You take 2 liters of water at 20 degrees Celsius and remove heat at 200W from it for 5 min. What is the temperature and state of the water after the experiment? Some properties of water: Heat of fusion: 333.55 kJ/kg, Heat of vaporization: 2257 kJ/kg, Heat capacity of steam: 2.080 kJ/kg, of water: 4.1813 kJ/kg, of ice: 2.05 kJ/kg.
To determine the final temperature and state of the water, we need to consider the changes in heat energy. Let's break down the steps involved in solving this problem:
Step 1: Calculate the heat removed from the water:
We know that the heat removed (Q) from an object is given by the formula:
Q = Power (P) x Time (t)
In this case, the power is given as 200W, and the time is 5 minutes (5 minutes = 300 seconds). Let's calculate Q by substituting these values:
Q = 200W x 300s = 60,000 Joules (J)
Step 2: Calculate the heat required to change the temperature of water:
The heat required (Q) to change the temperature of a substance can be calculated by using the formula:
Q = mass (m) x specific heat capacity (C) x temperature change (ΔT)

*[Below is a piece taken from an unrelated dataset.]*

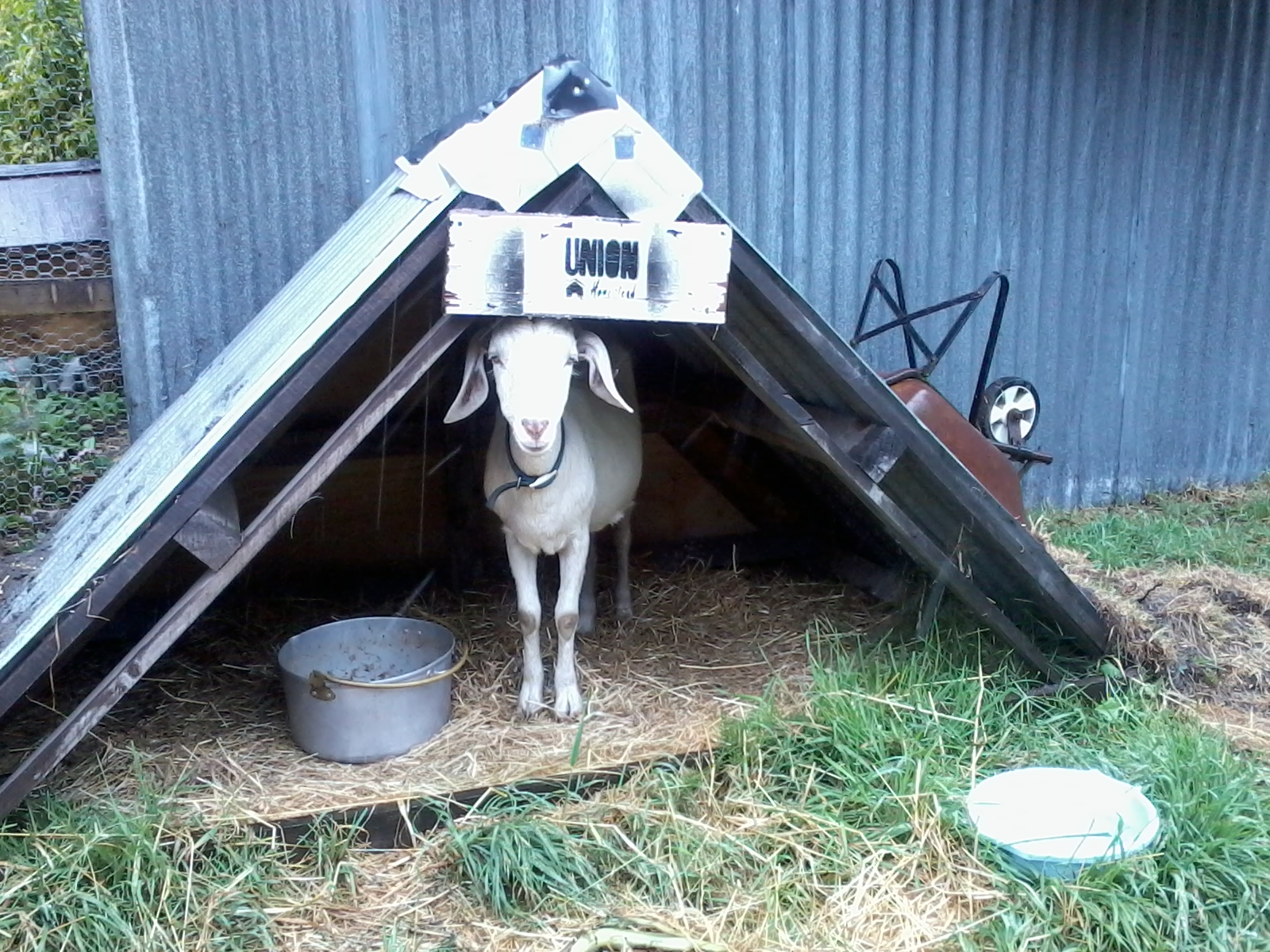 The Misses Leia and Geraldine are a different kettle of…fish, ahem.  The goats couldn’t care less how cold it gets.  They are quite happy shunning their shelters to sleep under the stars in the depth of winter, waking up with a fine riming of frost on their backs and their breath misting.  As long as there’s hay in the feeder and the promise of an extra dollop of molasses in the feed bowl, they’re happy campers.  The first drop of rain, though, and they’re standing bellowing at the gate with their shoulders hunched, coats quivering, radiating reproach. They eye the churned up mud-plug at the paddock gate with the disdain of the first Queen Elizabeth minus Sir Walter’s cloak and, if called to traverse it, totter as if on stilettos.  This concern of theirs is well founded as they are prone to footrot, so it is mutually beneficial for us to keep an eye out for prolonged wet spells and meet them head on by ensuring the bedding is deep and clean in the shelters and a couple of barrow loads of topsoil are dumped on the paddock low points.

In this case, the mass of the water is 2 liters, which is equivalent to 2000 grams (1 liter of water = 1000 grams). The specific heat capacity of water is 4.1813 kJ/kg, which is equivalent to 4.1813 J/g. The initial temperature (T1) is 20 degrees Celsius, and the final temperature (T2) is what we need to determine. We can rearrange the formula to solve for T2:
Q = m x C x ΔT
ΔT = T2 - T1
T2 = ΔT + T1
Step 3: Determine the change in temperature:
To find the change in temperature (ΔT), we can use the equation:
ΔT = Q / (m x C)
Substituting the values, we get:
ΔT = 60,000 J / (2000 g x 4.1813 J/g)
ΔT ≈ 7.18 degrees Celsius
Step 4: Calculate the final temperature:
Now that we have the change in temperature, we can determine the final temperature (T2):
T2 = ΔT + T1
T2 = 7.18 + 20
T2 ≈ 27.18 degrees Celsius
Step 5: Determine the state of the water:
To determine the state of the water, we need to consider the final temperature. At temperatures below 0 degrees Celsius, water exists as ice. At temperatures above 100 degrees Celsius, water exists as steam. Therefore, if the final temperature is below 0 degrees Celsius, the water is in the solid state (ice). If the final temperature is above 100 degrees Celsius, the water is in the gaseous state (steam). Otherwise, it remains in the liquid state.
In this case, the final temperature of the water is approximately 27.18 degrees Celsius, which falls within the range of 0 to 100 degrees Celsius. Therefore, the water remains in the liquid state after the experiment.